▲秘密の花園
子供の頃から話を聞かないとよく怒られていた。
私の頭の中は複雑で、片付けなくてはいけない問題や記憶、思考などを並べた時に皆は片付ける引き出しや優先順位ってやつがあるのだろうけれど私の頭の中にあるそれは、とてもとても大きな図書館のような場所で。莫大なそこに分類して整理していくとそれは時間がかかる。 例えば課題をしなさいと言われると、目の前に広げられるのは今から取り組む課題の問題と別に、それを持ってきた教師の顔や仕草や服装のシミ汚れ。廊下の影から隠れてこちらを伺う両親の姿。その表情、状況。目に入る全ての情報処理から始まるのだ。そうなった時に私はプツリと飛んでしまう。
そして気づけば気が済むまでその図書館にいるのである。
「あ、おかえりー」
ぱちりと瞬きをすると部屋にイルミがいた。ソファに寝転び飛んだのが朝の事で、窓から見える空はもう赤く染まり始めている。随分長く飛んじゃったみたいだ。「いつからいたの?」「15分前くらいかな。コーヒー淹れたよ」はいっと渡されたマグガップの湯気がふわりと天井へ消える。15分前と言ったが彼が家に入ってきていつ戻って来るか分からない私が飲むのを想定した2人分のお湯を沸かしコーヒーを淹れるその流れは不自然だだとすると「ストップ。また飛ぶ前に仕事の話。いい?」ずいっと目の前に現れる無表情の顔に私の思考は一時中断する事にした。
彼は仕事の関係で知り合った良い顧客だ。能無しの私ができる仕事なんて限られており、全うに働く事を諦め無駄に特化した記憶力と状況確認の頭を使って情報やのようなことをしていた。お客は意外にも警察マフィア国のお偉いさんから彼のような暗殺者まで、金になる仕事にはなっている。
まぁ彼のように家まで上がり込んでくるのは例外中の例外だが。
「それじゃあそういうことでまた宜しくね」
案件を言い終えた彼が出ていこうとするのを「毎度ありー」と見送る。そのままドアを出るかと思ったのだがふと何かを思い出したように彼は立ち止まり、私の家の冷蔵庫を指差した。
「いつもみたいに適当に入れてるから食べなよ。まともに食べてないでしょ?」
ありがたやありがたやと拝むフリをすると顔を上げた時に彼はすでにいなかった。ほんと、面倒見いいんだよなぁあの人。彼が私に利用価値を見いだしているから殺されてないものの、飛んでる間に殺されてもきっと気づかないだろう。
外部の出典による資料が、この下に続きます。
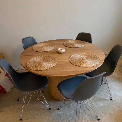 Valantin kaunis ruokapöytä, jossa yhdistyy saarniviilu ja musta metallirunko. Tavanomaista leveämpään (120 cm) pöytään mahtuu mukavasti kattaus ja tarjoiluastiat ja sen ääreen mahtuu mukavasti kahdeksan henkilöä ja tarpeen tullen kymmenen. Ostettu Vepsäläiseltä vuonna 2015. Käytön jäljet ja kuluma näkyy kuvissa.
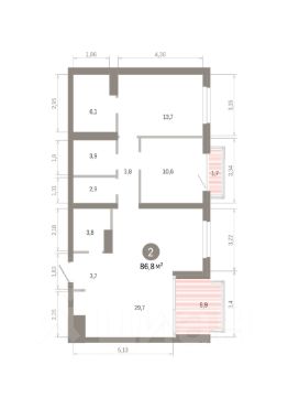 Квартира с кухней-гостиной и двумя спальнями в квартале "МОНС". Особенности планировки: разнесённые спальни, предчистовая отделка, мастер-спальня, балкон.

でもなんだかそれは凄く幸せだなぁなんて思ったりしちゃったり。
ふふっと笑うと私は冷蔵庫の扉に手をかけた。
昼前に彼女の家に入ると案の定いつものようにソファで横になりを天井をただただ見上げていた。声をかけても返事はない。まぁ所謂"飛んでる"ことは執事からの定期連絡で知ってたけど。前髪を撫でても彼女は俺を見ない。本人曰くこの小さな頭の中に大きな空間があってそこにいるのだとか。
「ねぇ俺もそこに入れてよ」
もちろん返事はない。ぐぐぐっと針を刺そうとしても押し返されるのはとっくに知っている。本人は知らないようだが彼女がこの状態の時、あらゆる攻撃が通らない。恐らくそういう制約と誓約をかした念能力なのだろう。髪や唇に触れたりできるのに、支配しようとすると何も効かなくなる。起きてる間に針を刺そうかと何度も思うが、彼女の能力自体はまだ利用価値が高く俺の独断でした事で父さんからドヤられるのも面倒だ。無くすにはまだ早い。それが今のところ"うち"が出した結論なのだから。
ああ気に入らない。
俺の知らないそこでお前は何をしているのか。
いっそその状態のまま海にでも放り込んでやりたいなんて思うけど、きっともがいて俺に助けてと手を伸ばす事もなく海に沈んでいくこいつを想像するとさらに腹立たしくて。
額に軽く口づけをした俺は何も入っていない冷蔵庫を埋める為に、らしくもなく部屋を出るのだった。